Es la hora de los enamorados la tarde.

Y pasa el amador delante de la ventana de la hermosa, llevándose una mirada recogida al trote del carruaje, mirada elocuente y que fascina, mirada prometedora de dulzuras para la cercana prima noche, cuando él se plante al pie de la reja misma á murmurar su amor.

Una mujer había, la más bella de todas, que encastillada en su hermosura espléndida, no quiso rendir á nadie la fortaleza de su corazón.

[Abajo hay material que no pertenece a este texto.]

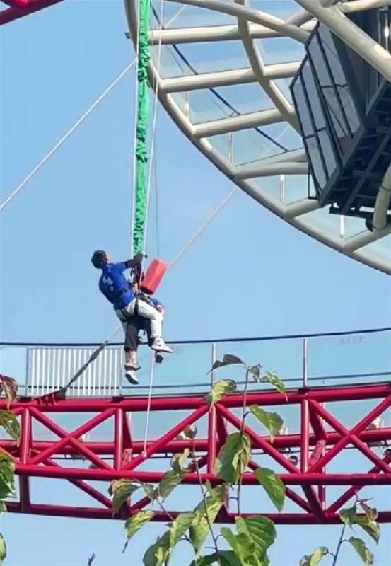 現(xiàn)場視頻顯示,一名身穿藍(lán)色上衣的男子穿戴蹦極裝備,橫躺著懸掛在半空中,另一名同樣穿藍(lán)色上衣的男子身穿裝備使用繩索滑降到橫躺半空中的男子身旁,并將其抱起,后繩索被緩緩拉起。視頻發(fā)布者配文稱:“蹦極蹦暈了?!?/strong>位置信息顯示為合肥市廬江縣冶父山鎮(zhèn)逍遙谷高空樂園。

Admirarla era casi un deber. Un poeta hizo un tomo de madrigales para ella: madrigales á sus ojos, madrigales á sus manos, madrigales á su boca.

Sin número de amadores hacía la ronda á su puerta; ó pasaban de tarde por frente á su ventana á rendirle, sumisos, tributo de admiración.

Pero uno se distinguía entre los fieles de la diosa.

Este no corría en carretela, ni pasaba gentilmente, sino que se plantaba, en una silla rodante, en toda la esquina. Era un joven, paralítico. Se decía de él, sin razón, que era fatuo; y ninguno ignoraba el amor del infeliz.

Yo ardí en deseos de saber qué pasaba en el corazón de aquel mísero, á quien el infortunio baldó el cuerpo y no el alma.